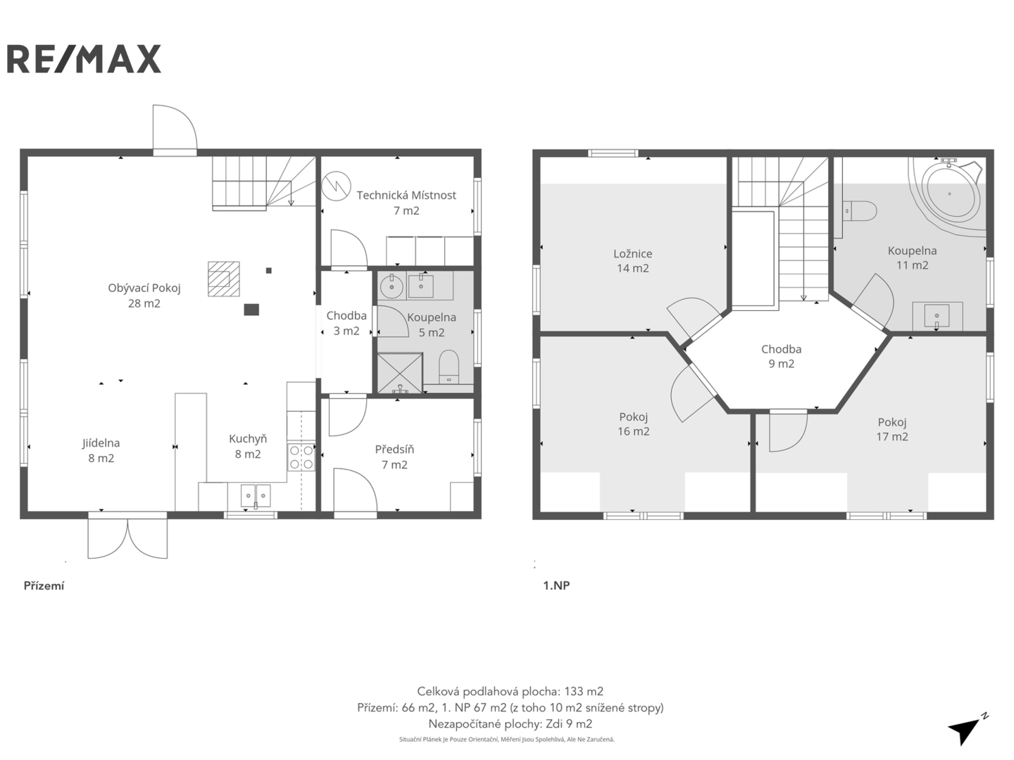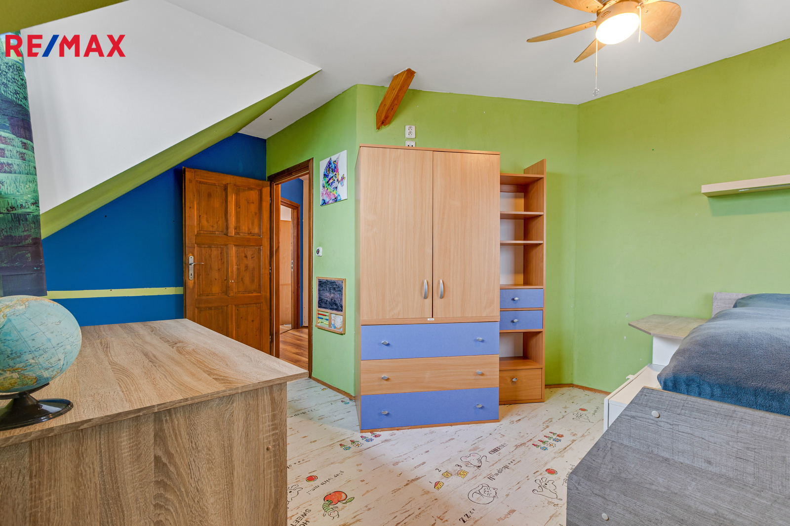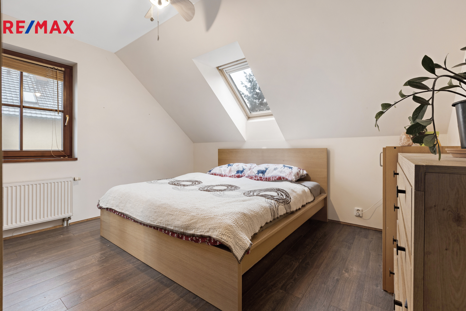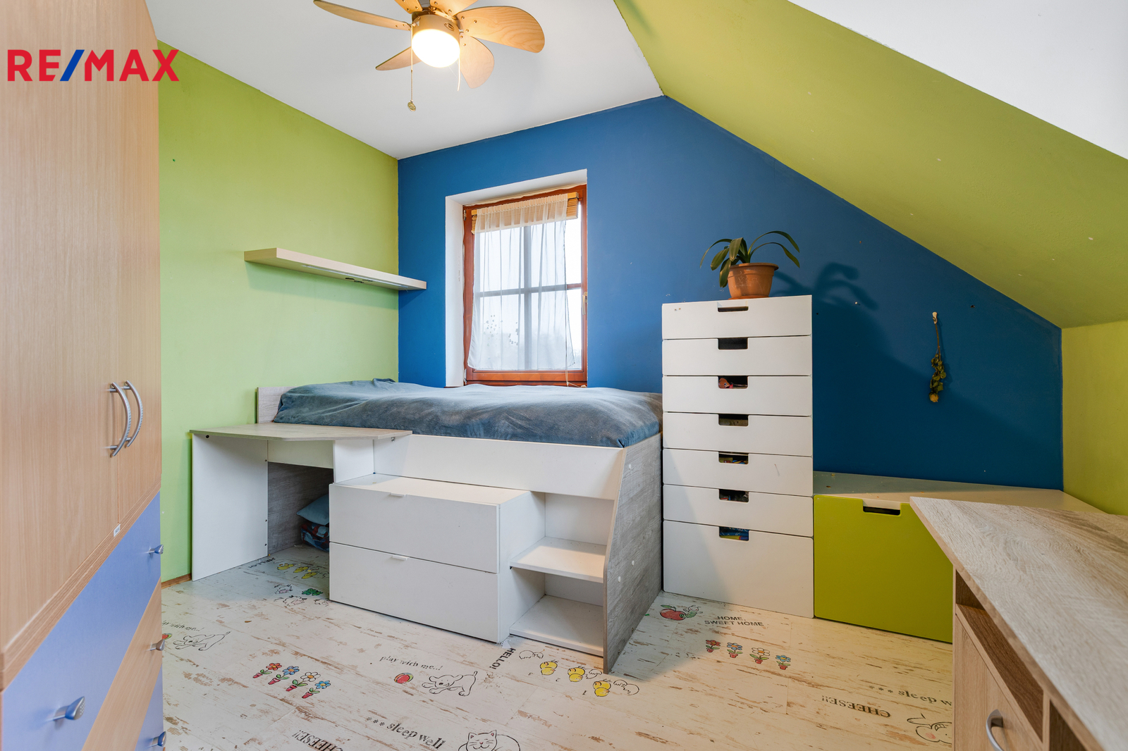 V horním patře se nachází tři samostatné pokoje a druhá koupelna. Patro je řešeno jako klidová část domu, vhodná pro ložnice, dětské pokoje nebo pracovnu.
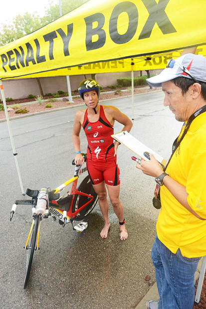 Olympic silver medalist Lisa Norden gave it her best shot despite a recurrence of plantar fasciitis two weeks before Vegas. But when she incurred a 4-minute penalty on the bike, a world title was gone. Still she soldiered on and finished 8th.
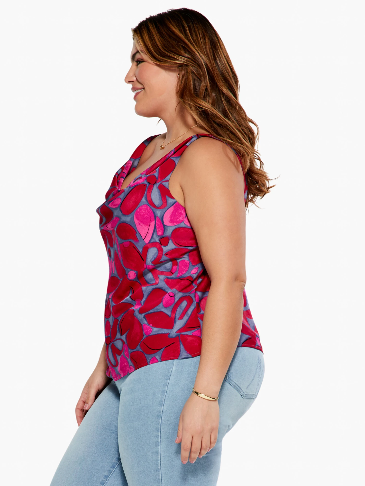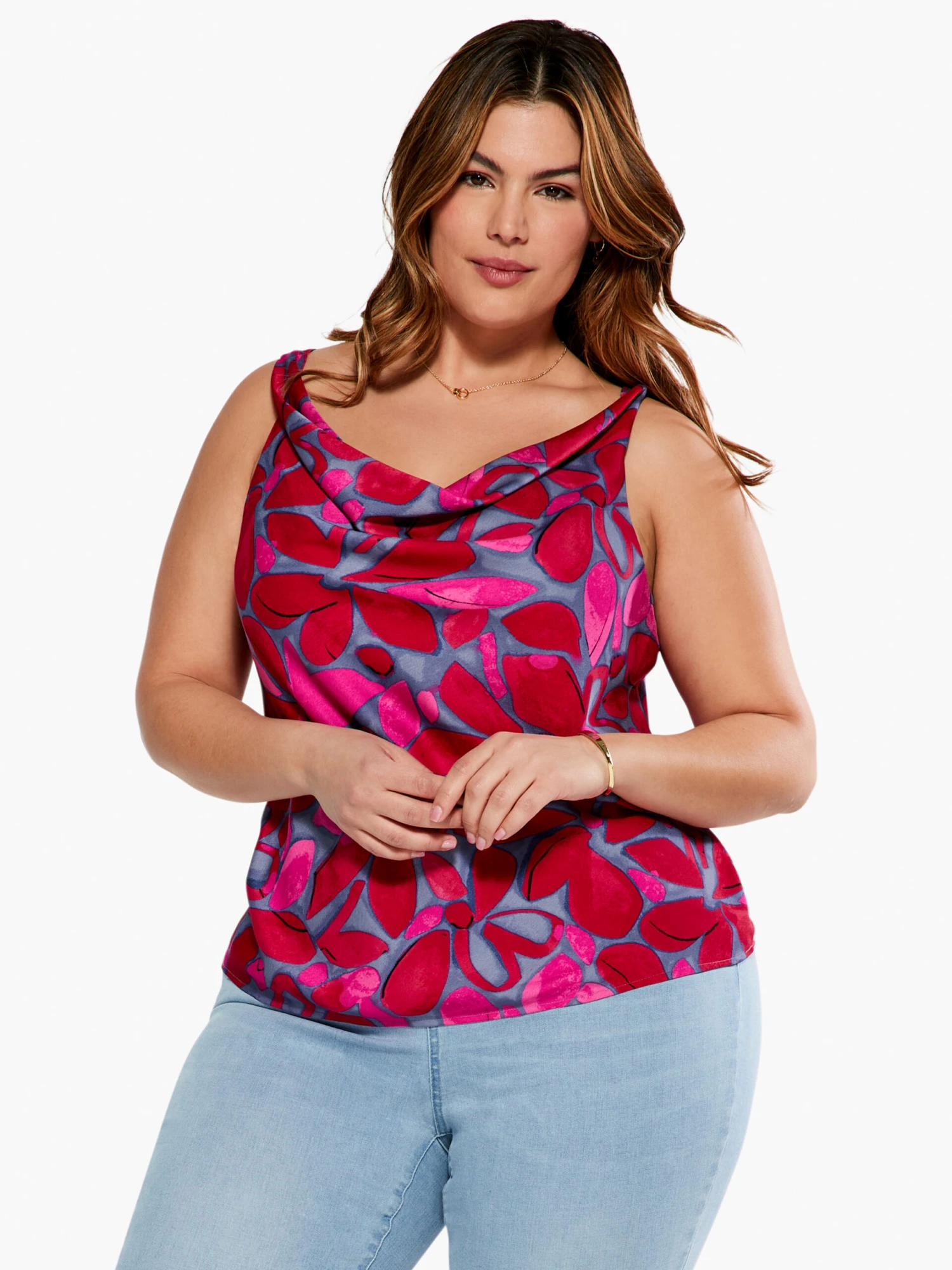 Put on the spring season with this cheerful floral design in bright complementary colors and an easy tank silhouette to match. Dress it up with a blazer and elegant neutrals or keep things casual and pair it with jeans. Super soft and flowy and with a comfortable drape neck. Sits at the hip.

What this task involves: Leave out the pictures and retype every line above exactly.

Solution to the exercise:
 V horním patře se nachází tři samostatné pokoje a druhá koupelna. Patro je řešeno jako klidová část domu, vhodná pro ložnice, dětské pokoje nebo pracovnu.
 Olympic silver medalist Lisa Norden gave it her best shot despite a recurrence of plantar fasciitis two weeks before Vegas. But when she incurred a 4-minute penalty on the bike, a world title was gone. Still she soldiered on and finished 8th.
 Put on the spring season with this cheerful floral design in bright complementary colors and an easy tank silhouette to match. Dress it up with a blazer and elegant neutrals or keep things casual and pair it with jeans. Super soft and flowy and with a comfortable drape neck. Sits at the hip.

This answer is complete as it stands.